Another important decision criteria is how the sensor will be used. You must ensure that the sensors you pick are designed for prolonged in-situ use. Some sensors are designed for short immersion in the solution being measured while others are designed to be constantly immersed in the solution. Make sure you select the right sensor for the way your project will collect its data; you will use a different sensor if you’re dipping the sensor in an environment to take a measurement as opposed to keeping it immersed in the environment permanently.

#5: Monitor Conditions With Purpose

Be specific about what you want to measure and how you measure it. Ensure that the properties you measure are useful for the purpose of the project and help you paint the picture you need from your data.

Where possible, monitor complementary data, data that shows you multiple aspects of the environment you’re monitoring.

For example, to calculate the milligrams per litre (mg/L) from saturation percentage of dissolved Oxygen, you must additionally know the water temperature and salinity. Salinity can be determined using the level of total dissolved solids and the temperature can be collected using a thermocouple. By collecting complementary data, you can enrich your ability to collect valuable information.

And finally, error margin is not efficacy – results small enough to fit within the sensitivity range of the sensor are not an indicator of anything (nope, nothing).
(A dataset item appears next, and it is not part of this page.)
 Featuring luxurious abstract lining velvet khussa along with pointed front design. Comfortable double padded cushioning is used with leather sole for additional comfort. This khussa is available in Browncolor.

If you run some tests and that’s where your results lie, then it is time to pick a more sensitive sensor for your project.
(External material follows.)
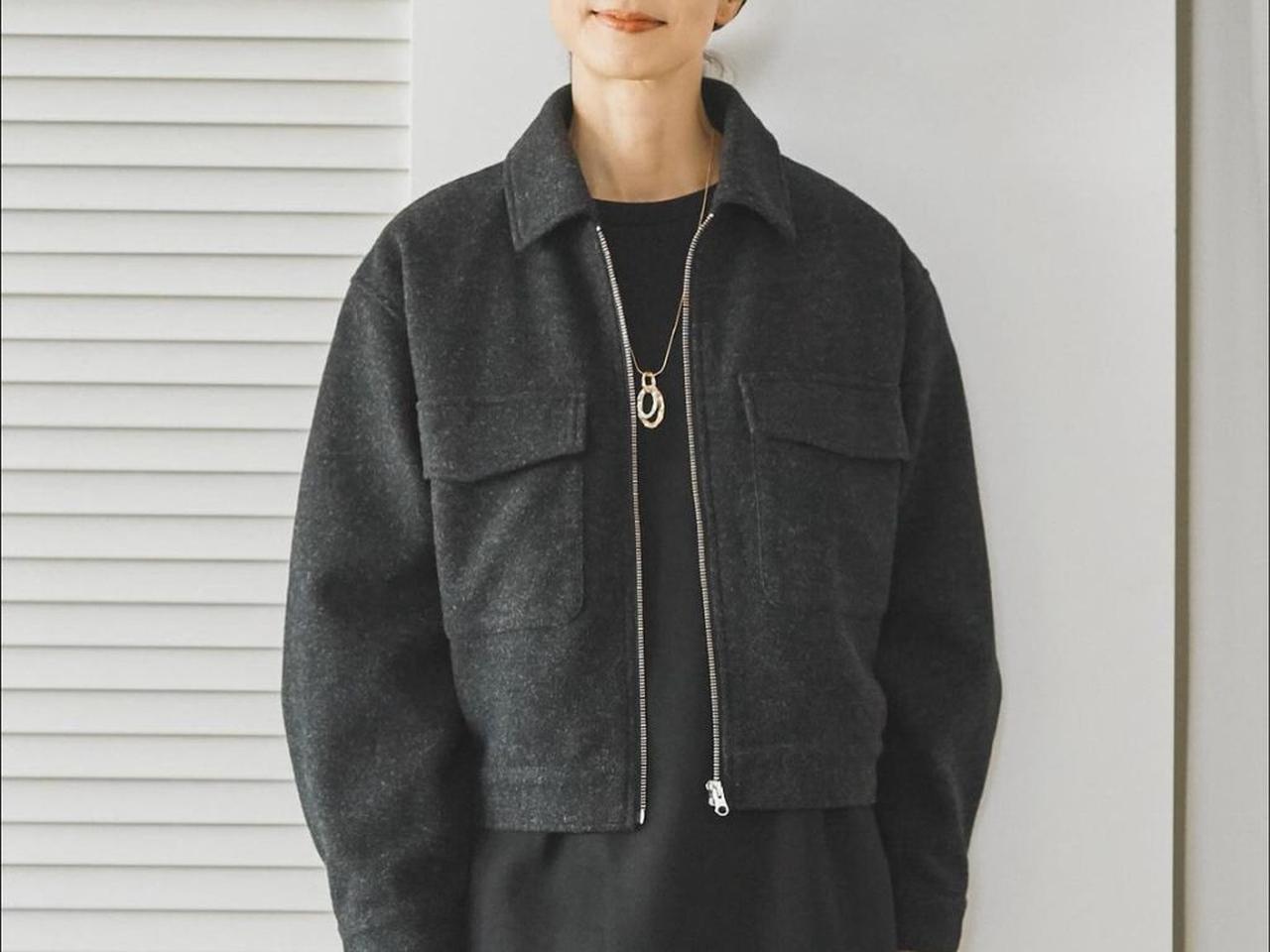 胸元のフラップポケットが動きのあるスタイリングに貢献してくれるジャケット。辛口なジップデザインがモードな雰囲気を引き寄せます。落ち着いた印象のチャコールグレーは、ブラックのワンピースと合わせてワントーン風にまとめてもおしゃれ。コンパクトな着丈で、全身のバランスをとりやすいところもGOODポイント。

#6: Monitor Your IoT Device System Hardware (device diagnostics)

As you plan your project, select your sensors, and decide what data values to track, don’t forget to also monitor your system hardware. Your project’s electronics (microcontroller, power system, etc.) have operating environment limitations you can ignore only at your peril. For example, microcontrollers can overheat and start acting erratically, and many electronics components are sensitive to moisture.
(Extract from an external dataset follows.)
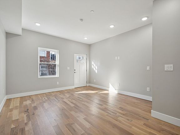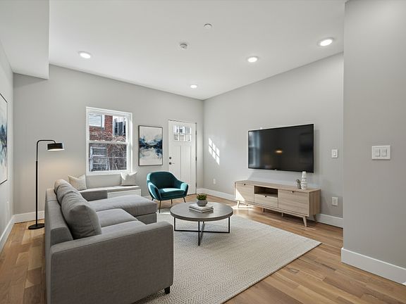 This contemporary apartment, located at 5414 Delancey St in Philadelphia, offers a thoughtfully designed living space across two floors. The 770 sq. ft. interior showcases a blend of modern aesthetics and functional design. The kitchen boasts stainless steel appliances, including a double oven and over-the-range microwave, complemented by white cabinetry and subway tile backsplash. Warm hardwood floors in the kitchen and living areas contrast beautifully with the striking geometric tile in the bathrooms. The bathrooms feature updated fixtures, including floating vanities and black hardware accents. Large windows throughout provide ample natural light, while recessed lighting adds a soft ambiance. The apartment's layout includes multiple rooms with ample closet space, as indicated by the double doors visible in one of the bedrooms. The neutral color palette of whites and light grays creates a bright, airy atmosphere, allowing for versatile decorating options. This well-appointed space combines style and comfort in a compact yet efficiently designed urban dwelling.

Notecards also include GPS sensors, an accelerometer and temperature sensor, so the package goes a long way to measure the project’s internal environment, its orientation and geolocation.

As you select your project hardware, you must ensure it will operate correctly in the environment across all time periods (night, day, summer, winter). You must measure critical operating environment properties and monitor them for variance outside of valid ranges. If your project works in or near a water environment, think about measuring humidity levels within the enclosure or sensing for any moisture if you think water may seep in.

Send your operating environment data to the cloud as well and set up alerts to let you know when any of the critical measurements range beyond what your hardware can handle. You may also want to consider powering off your project when this happens to protect it from permanent damage.

#7: Trust, but Calibrate

Don’t automatically trust the values reported by your sensors. Many sensors measure away and accurately deliver results from the start because they were pre-calibrated at the factory or just due to the very nature of the sensor. Other sensors have manufacturing variance that affect the results they deliver. Before you use these sensors in your project, calibrate each of them against a reference source. You may need to tweak the measured values to accommodate this variance.

You may also want to consider putting duplicate sensors in your project and comparing the values between the two sensors for accuracy. Some sensors degrade over time, especially if they’re constantly immersed in a hostile environment, so this dual sensor approach helps you know when it’s time to replace a sensor.

#8: Collect Locally, Calculate Cloudly (in the cloud)

Depending on how much network bandwidth you have available to your project, you may need to process the collected data on the device before sending it to the cloud. This only works, of course, if you have enough computing power locally available to do this.

Where possible, you should send the raw collected data to the cloud and process the data there. For some battery-powered projects, this helps by reducing the load on the battery and may give you more operating time on a set of batteries or available sunlight.

Having the raw data available in the cloud allows you to:

  • More easily troubleshoot or identify unexplained variances in the results
  • Apply new algorithms to the data as you learn more
  • Factor in external factors, influences and correlated information

#9: Focus on The Hardware Project’s Core Requirements

IoT sensor and hardware components selected for device project
When building a sensor project, spend time understanding and solving the core problem you set out to solve. Invest your precious time in your sensor choices, location, picking relevant data points, and managing power constraints (many projects will be solar/battery powered). When possible, leverage components and services that allow you abstract or defer non-primary concerns (e.g. data transport, data visualization, etc.).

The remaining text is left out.